Work item: Nothing but the lines from the start of the entries through the line holding "ateş üzerinden atlatıldı" is to be repeated, exactly and with pictures excluded.

Working data:
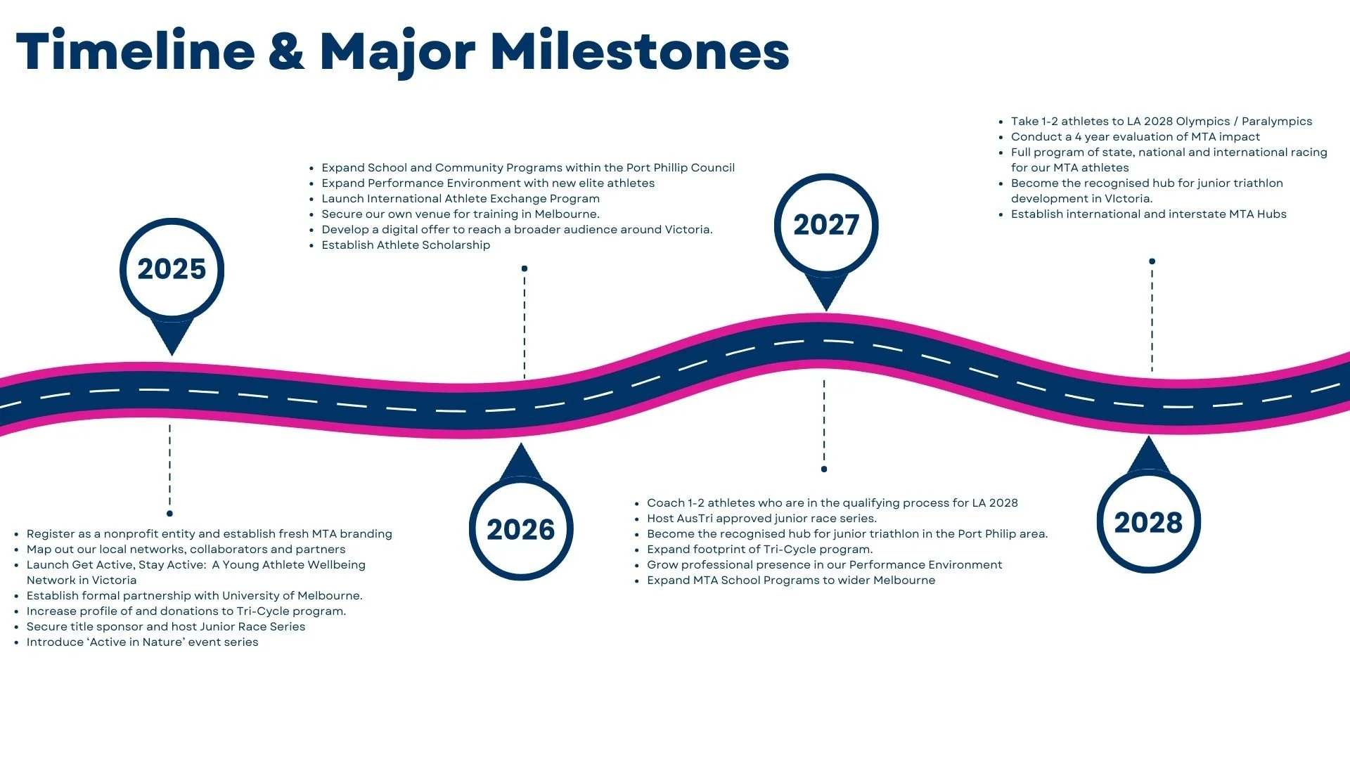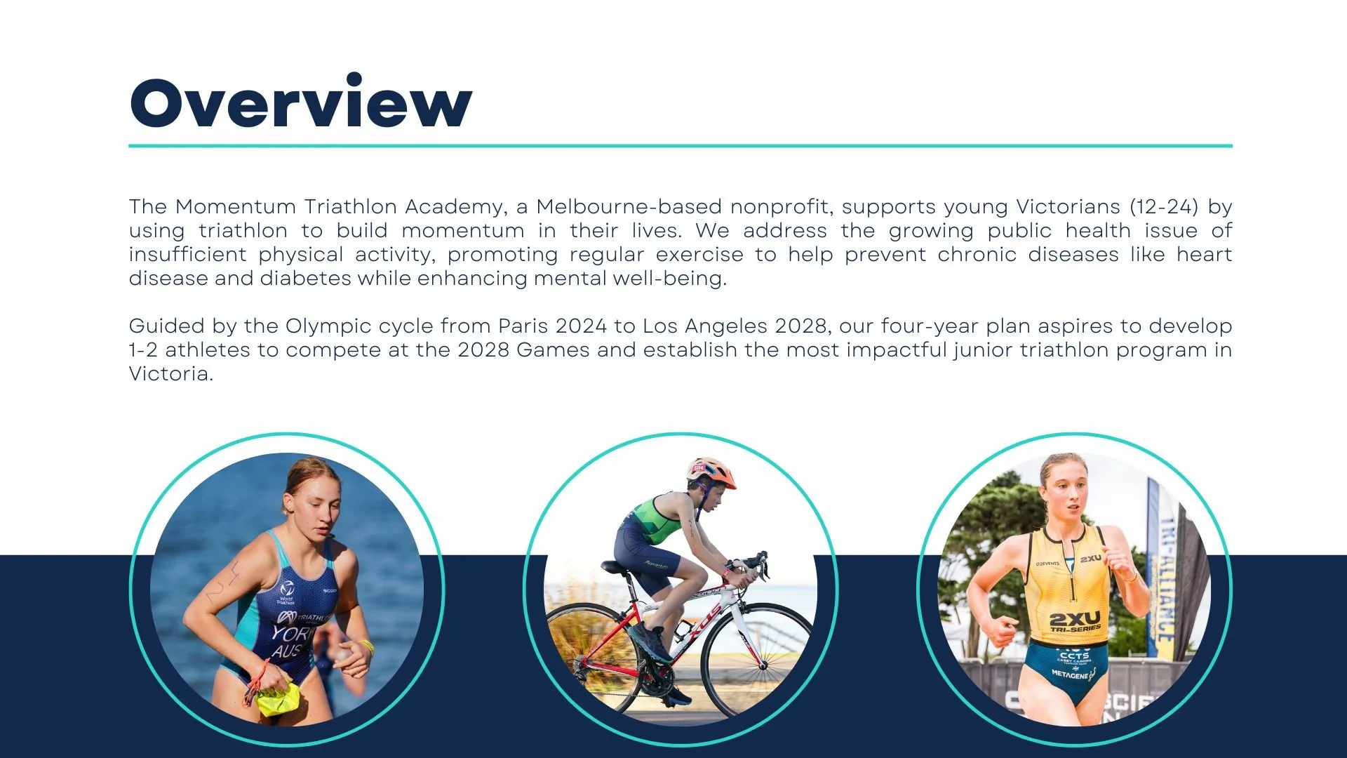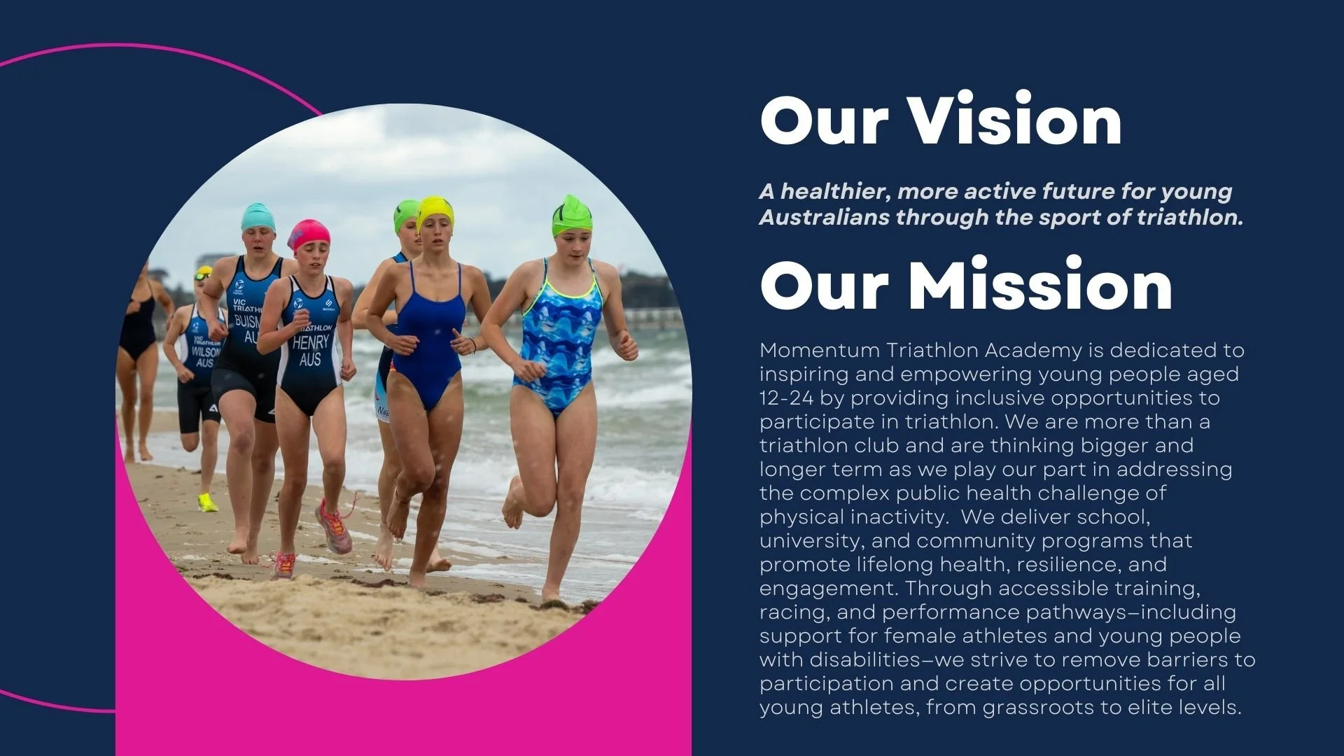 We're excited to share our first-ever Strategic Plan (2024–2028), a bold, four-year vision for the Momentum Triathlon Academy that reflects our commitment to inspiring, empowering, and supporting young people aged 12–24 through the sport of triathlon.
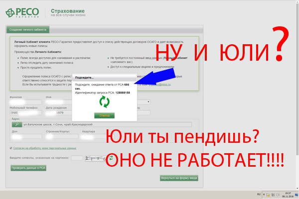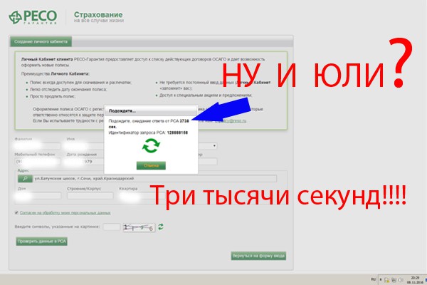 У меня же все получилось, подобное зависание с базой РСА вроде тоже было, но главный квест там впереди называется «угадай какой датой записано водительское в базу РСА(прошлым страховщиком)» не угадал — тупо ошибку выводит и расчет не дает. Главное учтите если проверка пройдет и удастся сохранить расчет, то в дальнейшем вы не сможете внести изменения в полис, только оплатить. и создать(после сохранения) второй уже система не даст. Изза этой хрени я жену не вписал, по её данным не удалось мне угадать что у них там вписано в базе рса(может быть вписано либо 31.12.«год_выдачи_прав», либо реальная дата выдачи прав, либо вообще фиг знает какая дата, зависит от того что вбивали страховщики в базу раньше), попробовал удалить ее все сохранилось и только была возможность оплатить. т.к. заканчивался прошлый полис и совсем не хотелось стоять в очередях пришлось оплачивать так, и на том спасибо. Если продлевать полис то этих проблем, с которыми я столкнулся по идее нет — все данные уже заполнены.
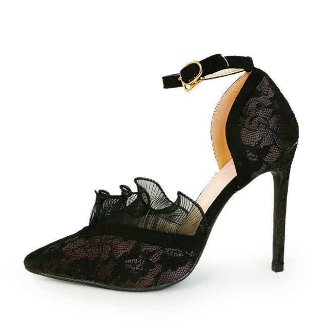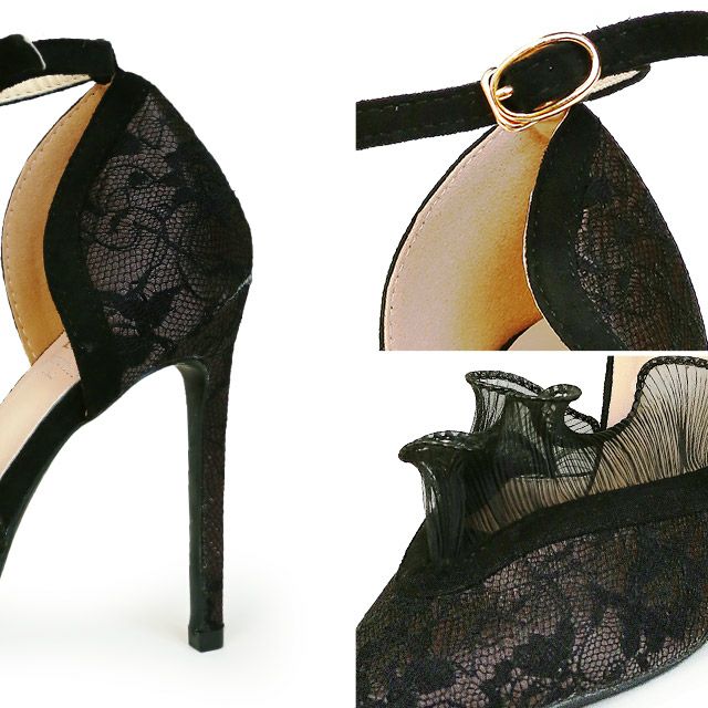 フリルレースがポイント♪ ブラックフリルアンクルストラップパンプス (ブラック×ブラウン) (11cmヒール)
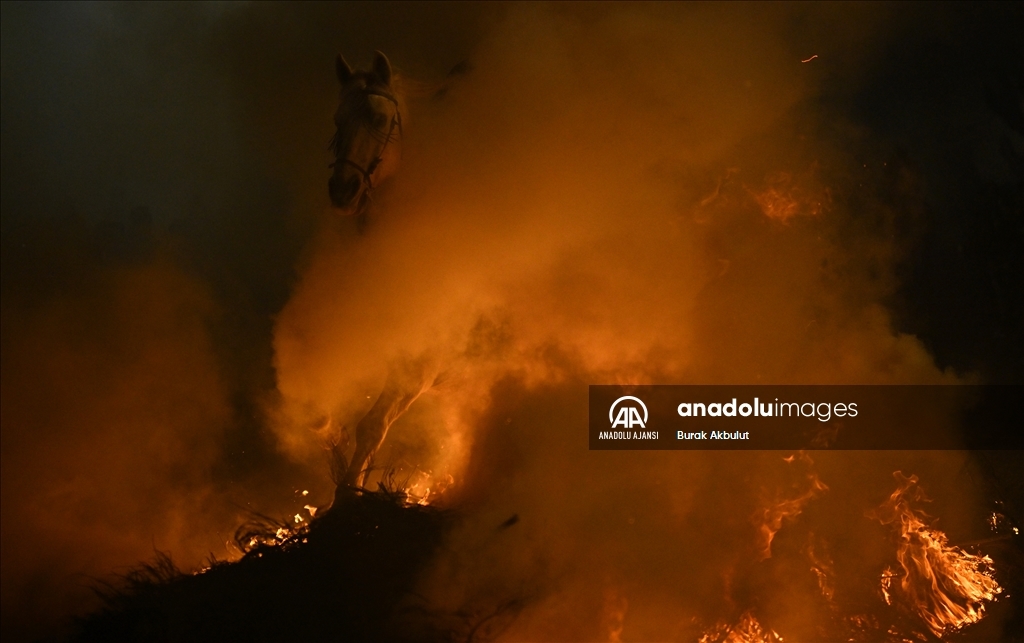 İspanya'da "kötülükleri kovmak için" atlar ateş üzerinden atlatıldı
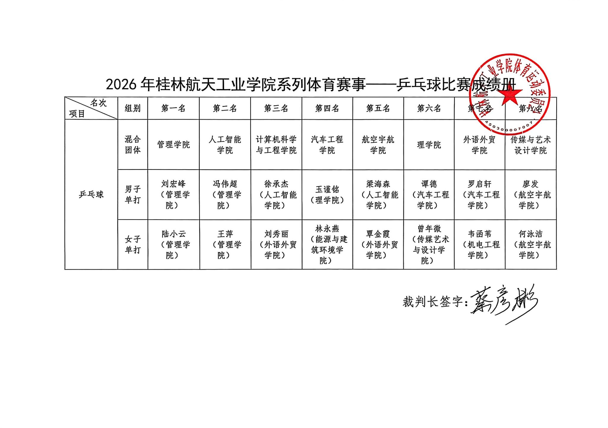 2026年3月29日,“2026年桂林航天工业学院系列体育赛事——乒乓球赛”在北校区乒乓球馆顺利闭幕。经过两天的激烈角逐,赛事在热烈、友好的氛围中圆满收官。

Problem solution:
 We're excited to share our first-ever Strategic Plan (2024–2028), a bold, four-year vision for the Momentum Triathlon Academy that reflects our commitment to inspiring, empowering, and supporting young people aged 12–24 through the sport of triathlon.
 У меня же все получилось, подобное зависание с базой РСА вроде тоже было, но главный квест там впереди называется «угадай какой датой записано водительское в базу РСА(прошлым страховщиком)» не угадал — тупо ошибку выводит и расчет не дает. Главное учтите если проверка пройдет и удастся сохранить расчет, то в дальнейшем вы не сможете внести изменения в полис, только оплатить. и создать(после сохранения) второй уже система не даст. Изза этой хрени я жену не вписал, по её данным не удалось мне угадать что у них там вписано в базе рса(может быть вписано либо 31.12.«год_выдачи_прав», либо реальная дата выдачи прав, либо вообще фиг знает какая дата, зависит от того что вбивали страховщики в базу раньше), попробовал удалить ее все сохранилось и только была возможность оплатить. т.к. заканчивался прошлый полис и совсем не хотелось стоять в очередях пришлось оплачивать так, и на том спасибо. Если продлевать полис то этих проблем, с которыми я столкнулся по идее нет — все данные уже заполнены.
 フリルレースがポイント♪ ブラックフリルアンクルストラップパンプス (ブラック×ブラウン) (11cmヒール)
 İspanya'da "kötülükleri kovmak için" atlar ateş üzerinden atlatıldı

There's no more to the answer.